Lebih-lebih dalam ruang lingkup akademisi, metode penulisannya sangat
mempermudah pembaca untuk memahami maksud dari sebuah ayat. Karena sebelum
pembaca diajak menelusuri penafsiran suatu ayat secara rinci, al-Maraghi telah
menyuguhkan dengan penafsiran secara global sehingga pembaca sudah mempunyai
gambaran dari keseluruhan tafsiran suatu ayat. Dan ini sebuah pembaharuan dalam
penulisan kitab tafsir yang tidak ditemukan dalam kitab tafsir lainnya. Bagi
masyarakat awam, kitab ini sangat cocok untuk dibaca jadi tidak butuh waktu
lama untuk mengetahui maksud dari ayat-ayat al-Qur’an yang memang
penuh dengan sastranya.[3]
B. Rumusan Masalah
1.
Apa yang diketahui tentang riwayat hidup Ahmad Mustafa al-Maraghi?
2.
Bagaimana metodologi kitab Tafsir al-Maraghi?
C.
Tujuan
Penelitian
1.
Untuk mengetahui riwayat hidup Ahmad
Mustafa al-Maraghi
2.
Untuk mengetahui metodologi kitab Tafsir
al-Maraghi
BAB II
AHMAD MUSTAFA
AL-MARAGHI DAN TAFSIR AL-MARAGHI
A.
Riwayat Hidup Ahmad Musthafa al-Maraghi
Kitab Tafsir al-Maraghi adalah salah
satu karya Ahmad
Mustafa al-maraghi. Nama lengkapnya adalah Ahmad Mustafa bin Muhammad bin ‘Abd al-Mun‘im al-Maraghi. Ia lahir
pada tahun 1300 H/1883 M di Kota Maragha, yaitu sebuah kota di tepi barat sungai Nil
sekitar 70 kilometer di sebelah selatan kota Kairo.[4]

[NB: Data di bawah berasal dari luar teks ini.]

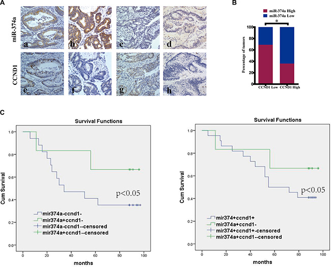 Figure 6: The correlation between miR-374a and CCND1 in colon cancer tissues and their clinical significance. (A) In situ hybridization and immunohistochemistry results showing the expression level of miR-374a and CCND1 at same locations in colon cancer tissues. Figures a, b, e, g represent high expression, c, d, f, and h represent low expression. Among them, figure a and e were form case1, b and f from case2, c and g from case 3, d and h from case 4. Original magnification 400×. (B) Percentage of specimens exhibit low or high miR-374a expression in relation to CCND1 expression. (C) Kaplan-Meier survival curve comparing subgroups based on miR374a or CCND1 expression in the primary tumors of colon cancer patients: low CCND1 expression cases with either high or low miR-374a expression as well as high miR-374a expression cases with either high or low CCND1 expression. P value is based on a log-rank test.

Ahmad Musthafa Al-Maraghi berasal dari
kalangan keluarga yang menjadi ulama besar. Ahmad Musthafa Al-Maraghi dan saudara-saudaranya juga menguasai
berbagai bidang ilmu agama. Hal ini dapat dibuktikan, bahwa 5 dari 8 orang
putra laki-laki Syekh Musthafa
Al-Maraghi (ayah Ahmad
Musthafa Al-Maraghi) adalah ulama besar yang cukup terkenal,
yaitu:
- Syekh Muhammad
Mustafa al-Maraghi yang
pernah menjadi Syekh al-Azhar
dua periode, tahun 1928-1930 dan 1935-1945.
- Syekh Ahmad
Musthafa Al-Maraghi, pengarang Tafsir al-Maraghi.

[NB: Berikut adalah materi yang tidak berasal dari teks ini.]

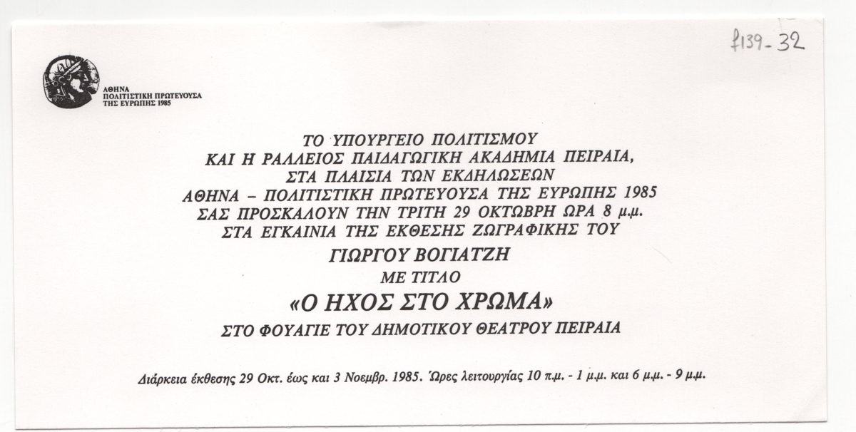 Έντυπο έκθεσης, μονόφυλλο, χαρτόνι, 10,0×19,8 εκ., στα ελληνικά. Αφορά στην ατομική έκθεση του καλλιτέχνη που διοργανώνεται από το Υπουργείο Πολιτισμούς και τη Ράλλειο Παιδαγωγική Ακαδημία Πειραιά στα πλαίσια των εκδηλώσεων “Αθήνα-Πολιτιστική Πρωτεύουσα της Ευρώπης 1985”

- Syekh ‘Abd al-‘Aziz al-Maraghi pernah
menjadi Dekan Fakultas Ushuluddin Universitas Al-Azhar dan Imam Raja
Faruq.
- Syekh ‘Abd Allah Mustafa al-Maraghi, pernah
menjadi inspektur umum pada Universitas Al-Azhar.
- Syekh ‘Abd al-Wafa Mustafa al-Maraghi, pernah
menjadi sekretaris Badan Penelitian dan Pengembangan Universitas Al-Azhar.[5]

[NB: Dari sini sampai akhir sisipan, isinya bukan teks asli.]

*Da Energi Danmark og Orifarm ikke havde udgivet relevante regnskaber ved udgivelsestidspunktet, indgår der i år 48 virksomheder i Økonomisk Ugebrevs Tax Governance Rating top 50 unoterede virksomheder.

Pendidikannya dimulai dari
daerahnya sendiri dan di desanyalah ia menamatkan sekolah dasar, mempelajari
al-Quran serta menghafal ayat-ayat al-Quran. Sebelum menginjak umur 13 tahun ia
sudah menghafal seluruh ayat al-Qur’an. Tak
ketinggalan pula ia mempelajari ilmu tajwid dan dasar-dasar ilmu agama.[6]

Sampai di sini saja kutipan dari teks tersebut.